Startups Get Their Periodic Reminder
Yes, OpenAI and Anthropic (and Google and Apple and so on) are going to have versions of their own autonomous agents that can fully use computers and phones. What parts of it do you want to compete with versus supplement? Do you want to plug in the agent mode and wrap around that, or do you want to plug in the model and provide the agent?
That depends on whether you think you can do better with the agent construction in your particular context, or in general. The core AI labs have both big advantages and disadvantages. It’s not obvious that you can’t outdo them on agents and computer use.
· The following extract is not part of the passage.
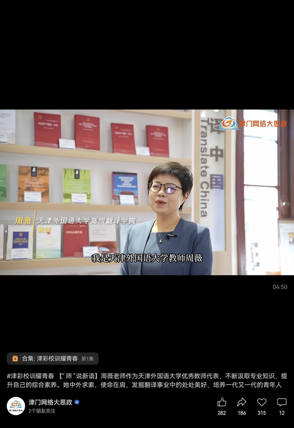 【媒体天外】“津门网络大思政”视频号 【“师”说新语】栏目报道我校教师周薇,不断汲取专业知识,提升自己的综合素养。她中外求索,使命在肩,发掘翻译事业中的处处美好,培养一代又一代的青年人才。全文转载如下:新闻来源:津门网络大思政视频号(网页编辑/金倍伊)

But yes, that is a big project, and most people should be looking to wrap as much as possible as flexibly as possible.
Live From Janus World
While the rest of us ask questions about various practical capabilities or safety concerns or commercial applications, you can always count on Janus and friends to have a very different big picture in mind, and to pay attention to details others won’t notice.
It is still early, and like the rest of us they have less experience with the new model and have refined how to evoke the most out of old ones. I do think some such reports are jumping to conclusions too quickly – this stuff is weird and requires time to explore. In particular, my guess is that there is a lot of initial ‘checking for what has been lost’ and locating features that went nominally backwards when you use the old prompts and scenarios, whereas the cool new things take longer to find.
Then there’s the very strong objections to calling this an ‘upgrade’ to Sonnet. Which is a clear case of (I think) understanding exactly why someone cares so much about something that you, even having learned the reason, don’t think matters.
This is such a bizarre thing to worry about, especially given that the old version still exists, and is available in the API, even. I mean, I do get why one who was thinking in a different way would find the description horrifying, or the idea that someone would want to use that description horrifying, or find the idea of ‘continue modifying based on an existing LLM and creating something different alongside it’ horrifying. But I find the whole orientation conceptually confused, on multiple levels.
Also here’s Pliny encountering some bizarreness during the inevitable jailbreak explorations.
Forgot about Opus
We got Haiku 3.5. We conspicuously not only did not get Opus 3.5, we have this, where previously they said to expect Opus 3.5?
The speculations are that Opus 3.5 could have been any of:
As usual, the economist says if the issue is quality or compute then release it anyway, at least in the API. Let the users decide whether to pay what it actually costs. But one thing people have noted is that Anthropic has serious rate limit issues, including highly reachable chat message caps in chat. And in general it’s bad PR when you offer people something and they can’t have it, or can’t get that much of it, or think it’s too expensive. So yeah, I kind of get it.
The ‘too powerful’ possibility is there too, in theory. I find it unlikely, and even more highly unlikely they’d have something they can never release, but it could cause the schedule to slip.
If Opus 3.5 was even more expensive and slow than Opus 3, and only modestly better than Opus 3 or Sonnet 3.5, I would still want the option. When a great response is needed, it is often worth a lot, even if the improvement is marginal.
So as Adam says, if it’s an option: Charge accordingly. Make it $50/month and limit to 20 messages at a time, whatever you have to do.